ECM head games
We’ve been looking at the ROI of ECM from a number of different perspectives over the last two months in these posts, but one aspect we haven’t really focused on is the psychology of an ECM business case.
What I’ve found in my work with clients over the last few years (and in my time on the other side of the table in IT) is that folks often have a hard time viewing the costs and benefits of their project realistically. They tend to care deeply about the domain of the project; they attach great importance to the benefits of the project and feel that any costs are certainly worth the effort; and in the end, they are unable to look at the project from an enterprise, C-level point of view.
However, unless they can do so, their chances of getting the project approved are slim to none–and if it does get approved, it will be in spite of, rather than because of, their efforts.

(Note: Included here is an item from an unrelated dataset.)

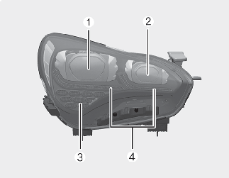 Se as lâmpadas de Máximos/Médios (1), as lâmpadas do sistema de assistência de Médios/Máximos (2), os indicadores dianteiros de mudança de direção (3) ou as luzes de circulação diurna/luz de presença(4) não estiverem a funcionar, mande verificar o veículo numa oficina profissional.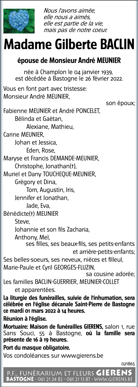 Décédée à Bastogne (6600) le samedi 26 février 2022 à l'âge de 83 ans

The best way I’ve found to tackle this challenge is to stop talking about what the costs and benefits of a project are–for the moment we just assume that there will be a very favorable return on a much smaller cost. But once we take this as a given, it’s time to consider a much more intractable problem: if there is the ROI that we say there is, why hasn’t the organization done something about it in the past?
Although I’ve written elsewhere on using the question of why no one’s done this before to drive business case development (go there to get the nitty gritty details and then come back), here I want to simplify the issue a bit, distill it into a short exercise you can do quickly with the team to at least get them started thinking about how challenging getting funding for ECM will be; and once that’s done, you can set aside time to tackle the problem in a more sustained way with the technique I presented in that earlier post, When ROI Isn’t Enough.
Basically, I lay out four “big buckets” of possible attitudes to a given problem/solution for the team:
- No one cares about the problem, and there are no real gains to be had by fixing it
- No one cares about the problem, but there are real gains to be had by fixing it
- People care about the problem, but there are no real gains to be had by fixing it
- People care about the problem, and there are real gains to be had by fixing it
We then have a discussion about which bucket(s) our project might fall into, or even where the different categories of benefits we’re predicting fall.
Now, you’ve got to eventually do more work than this in order to fully surface the challenges you face and what strategies you might use to overcome them, but I’ve found this little exercise to be a great place to start, particularly if the team is feeling overwhelmed with the road ahead of them to get ECM funded.